To comprehensively evaluate the model’s performance in rice enhancer recognition, we adopted a 5-fold cross-validation approach combined with independent testing. Based on the training set and test set constructed in the previous section, during the training phase, the training set is divided into 5 subsets. Each time, 4 subsets are used for model training, and the remaining subset is used to validate the model’s performance. This process is repeated 5 times (once for each subset as the validation set) to optimize the parameters. Finally, the trained model is tested on the independent test set to obtain the prediction results.

The following metrics were selected to evaluate model performance: accuracy (ACC) (Equation 3), Matthews correlation coefficient (MCC) (Equation 4), recall (Sn) (Equation 5), specificity (Sp) (Equation 6), negative predictive value (NPV) (Equation 7), precision (P) (Equation 8), auROC, and auPRC (Grau et al., 2015; Liu M. et al., 2024; Zhu et al., 2024; Huang et al., 2025; Zhang et al., 2025). These metrics measure the classification performance of the model from different perspectives, and they are defined below:

\begin{array}{l} A C C = \frac{T P + T N}{T P + T N + F P + F N} & (3) \end{array}

\begin{array}{l} M C C = \frac{T P \times T N - F P \times F N}{\sqrt{(T P + F P) (T P + F N) (T N + F P) (T N + F N)}} & (4) \end{array}

\begin{array}{l} S n = \frac{T P}{T P + F N} & (5) \end{array}

\begin{array}{l} S p = \frac{T N}{T N + F P} & (6) \end{array}

\begin{array}{l} N P V = \frac{T N}{T N + F N} & (7) \end{array}

\begin{array}{l} P = \frac{T P}{T P + F P} & (8) \end{array}

Where TP represents true positive (TP), TN represents true negative (TN), FP represents false positive (FP), and FN represents false negative (FN). auROC stands for area under the ROC curve, which plots recall (Sn) and false positive rate (FPR) at different thresholds. Values closer to 1 indicate better performance. Similarly, auPRC stands for area under the precision-recall curve, which plots precision (P) and recall (Recall) at different thresholds; higher values closer to 1 indicate better performance.

3 Results and discussions

3.1 Analyzing ML models with pretrained LM feature extraction

The DNABERT-2 large language model employs a dynamic compression algorithm in place of the fixed k-mer window and implements the ALiBi attention mechanism to facilitate full-sequence modeling. Following extensive training on big data, it effectively captures potential feature information within sequences. Leveraging this capability, DNABERT-2 was applied to feature extraction in rice enhancer recognition tasks to evaluate its practical effectiveness in identifying rice enhancers. Simultaneously, the extracted features were entered into five distinct machine learning algorithms for classification purposes; their performances were then compared to identify the most suitable algorithm for future fine-tuning.

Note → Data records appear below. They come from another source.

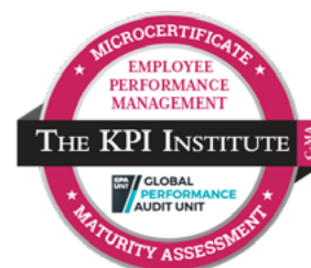
Micro-certificate in Employee Performance Maturity Assessment

NOTE: These three micro-certificates are not offered as part of the Certified Agile Strategy Execution Professional Program, they can be purchased separately.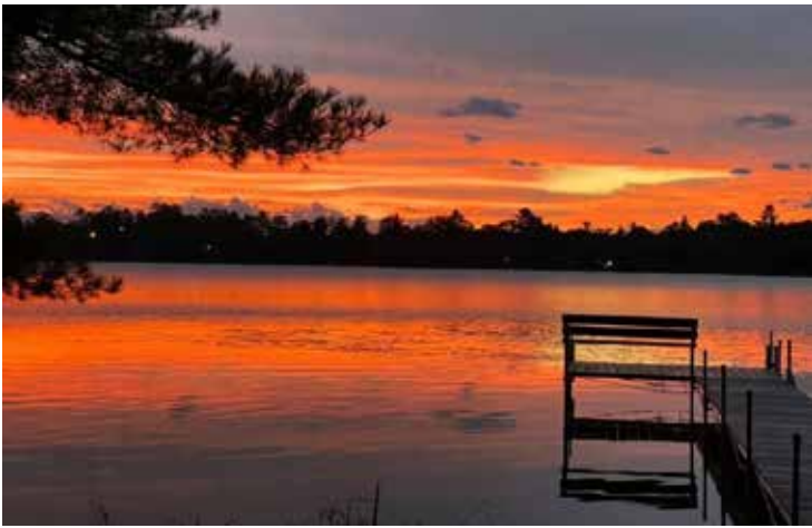
Another beautiful sunset over Brandy Lake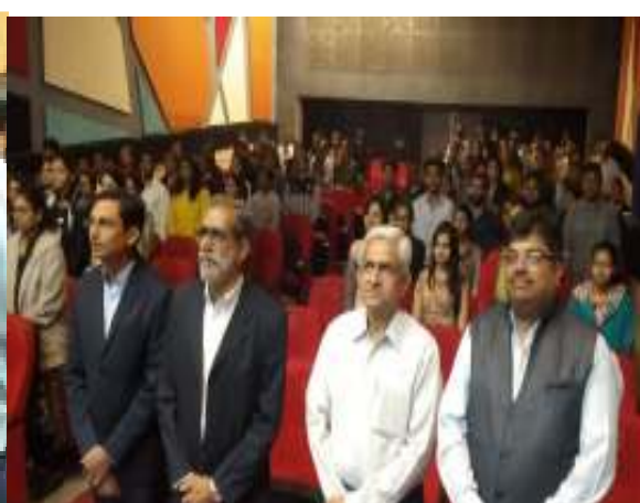
Dignitaries and Delegates standing for National Anthem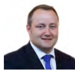
Darren Millar Welsh Conservatives Clwyd West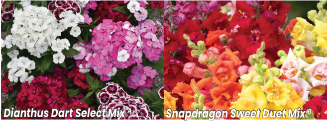
Dianthus Dart Select Mix A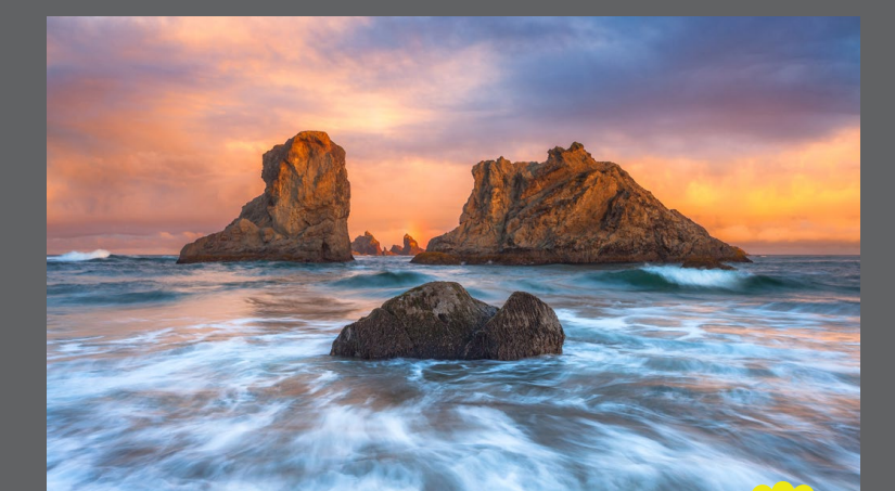
Bandon Sunrise Darren White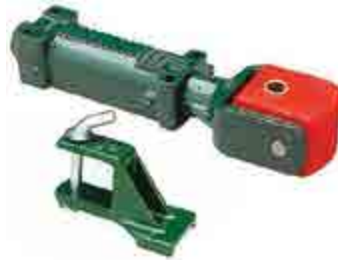
TRIGG COUPLING 4WD 006302

The experimental findings are illustrated in Figure 2. Figure A presents a performance comparison of the five machine learning algorithms during cross-validation, while Figure B evaluates them under independent testing conditions. It is evident that SVM emerges as the top performer across six out of eight metrics, excluding Sp and P, demonstrating consistent superiority irrespective of whether it was trained on or tested against datasets. In cross-validation, the SVM algorithm achieved a peak performance of 0.883, whereas in independent testing, its score reached 0.879. The outcomes of all eight metrics were averaged across both validation methods, reinforcing SVM’s superior performance. Compared to the other four algorithms, SVM exhibited improvements ranging from 1.41% to 6.27% during cross-validation and 0.49% to 5% during independent testing. Consequently, the SVM algorithm was identified as the most effective for the rice enhancer recognition task and selected as the foundational model for subsequent fine-tuning exercises.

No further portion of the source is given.